:: Work request ::
Reproduce all the lines below exactly and omit the images.

:: Available data ::

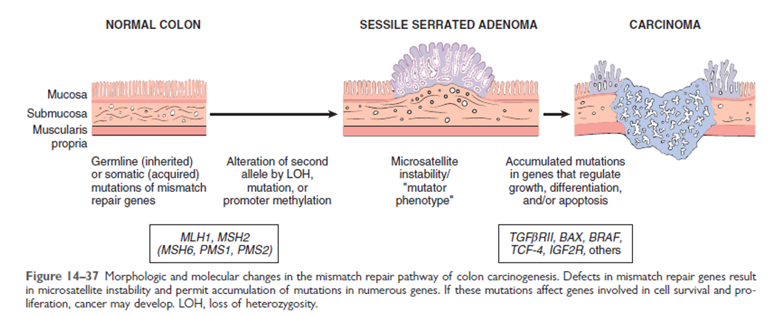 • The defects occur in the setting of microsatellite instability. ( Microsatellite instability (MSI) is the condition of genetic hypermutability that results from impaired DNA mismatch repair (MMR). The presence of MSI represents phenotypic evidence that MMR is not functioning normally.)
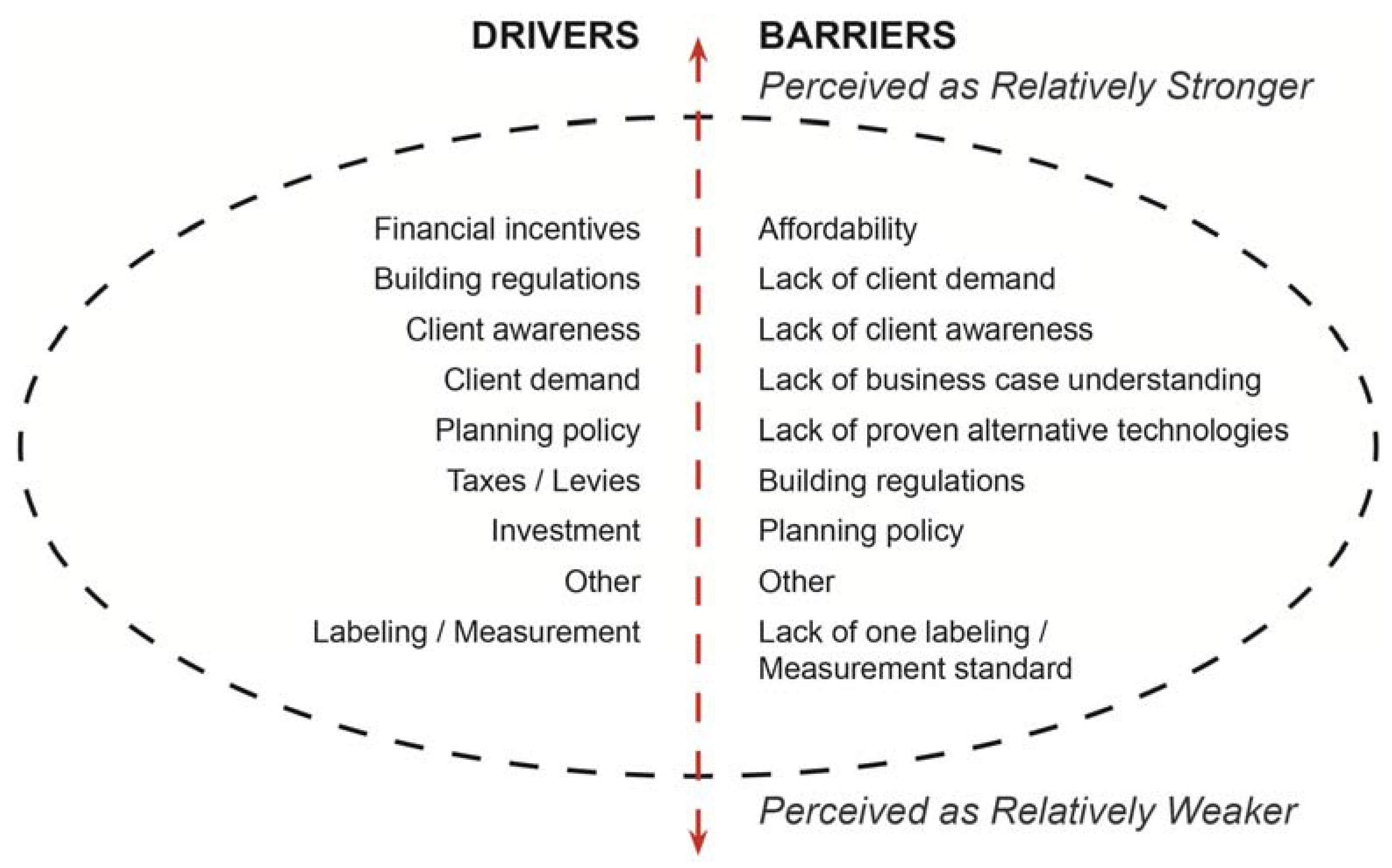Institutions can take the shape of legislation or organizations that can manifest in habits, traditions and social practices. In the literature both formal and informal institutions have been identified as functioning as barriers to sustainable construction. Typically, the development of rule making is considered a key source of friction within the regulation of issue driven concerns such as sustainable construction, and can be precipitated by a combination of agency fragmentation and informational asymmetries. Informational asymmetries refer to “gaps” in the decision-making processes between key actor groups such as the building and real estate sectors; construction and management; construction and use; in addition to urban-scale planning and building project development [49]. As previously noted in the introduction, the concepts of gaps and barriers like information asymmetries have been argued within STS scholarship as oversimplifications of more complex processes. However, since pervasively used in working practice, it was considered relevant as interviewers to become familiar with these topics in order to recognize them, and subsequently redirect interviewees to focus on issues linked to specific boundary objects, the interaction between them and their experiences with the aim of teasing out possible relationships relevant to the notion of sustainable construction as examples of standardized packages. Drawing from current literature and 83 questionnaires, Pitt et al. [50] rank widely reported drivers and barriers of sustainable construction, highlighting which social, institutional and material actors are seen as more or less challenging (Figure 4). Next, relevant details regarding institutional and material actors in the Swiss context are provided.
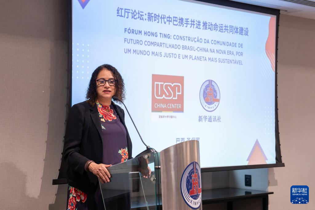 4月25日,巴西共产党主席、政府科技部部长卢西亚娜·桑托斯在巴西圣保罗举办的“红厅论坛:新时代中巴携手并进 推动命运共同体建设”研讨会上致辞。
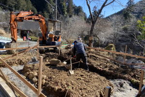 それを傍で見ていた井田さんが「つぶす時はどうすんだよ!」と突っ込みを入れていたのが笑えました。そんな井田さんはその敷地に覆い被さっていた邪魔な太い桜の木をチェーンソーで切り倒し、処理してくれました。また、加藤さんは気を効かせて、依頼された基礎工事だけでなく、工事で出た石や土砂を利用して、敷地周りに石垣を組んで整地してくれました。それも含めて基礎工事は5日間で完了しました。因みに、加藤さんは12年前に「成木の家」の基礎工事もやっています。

:: Task solution ::
 • The defects occur in the setting of microsatellite instability. ( Microsatellite instability (MSI) is the condition of genetic hypermutability that results from impaired DNA mismatch repair (MMR). The presence of MSI represents phenotypic evidence that MMR is not functioning normally.)
Institutions can take the shape of legislation or organizations that can manifest in habits, traditions and social practices. In the literature both formal and informal institutions have been identified as functioning as barriers to sustainable construction. Typically, the development of rule making is considered a key source of friction within the regulation of issue driven concerns such as sustainable construction, and can be precipitated by a combination of agency fragmentation and informational asymmetries. Informational asymmetries refer to “gaps” in the decision-making processes between key actor groups such as the building and real estate sectors; construction and management; construction and use; in addition to urban-scale planning and building project development [49]. As previously noted in the introduction, the concepts of gaps and barriers like information asymmetries have been argued within STS scholarship as oversimplifications of more complex processes. However, since pervasively used in working practice, it was considered relevant as interviewers to become familiar with these topics in order to recognize them, and subsequently redirect interviewees to focus on issues linked to specific boundary objects, the interaction between them and their experiences with the aim of teasing out possible relationships relevant to the notion of sustainable construction as examples of standardized packages. Drawing from current literature and 83 questionnaires, Pitt et al. [50] rank widely reported drivers and barriers of sustainable construction, highlighting which social, institutional and material actors are seen as more or less challenging (Figure 4). Next, relevant details regarding institutional and material actors in the Swiss context are provided.
 4月25日,巴西共产党主席、政府科技部部长卢西亚娜·桑托斯在巴西圣保罗举办的“红厅论坛:新时代中巴携手并进 推动命运共同体建设”研讨会上致辞。
 それを傍で見ていた井田さんが「つぶす時はどうすんだよ!」と突っ込みを入れていたのが笑えました。そんな井田さんはその敷地に覆い被さっていた邪魔な太い桜の木をチェーンソーで切り倒し、処理してくれました。また、加藤さんは気を効かせて、依頼された基礎工事だけでなく、工事で出た石や土砂を利用して、敷地周りに石垣を組んで整地してくれました。それも含めて基礎工事は5日間で完了しました。因みに、加藤さんは12年前に「成木の家」の基礎工事もやっています。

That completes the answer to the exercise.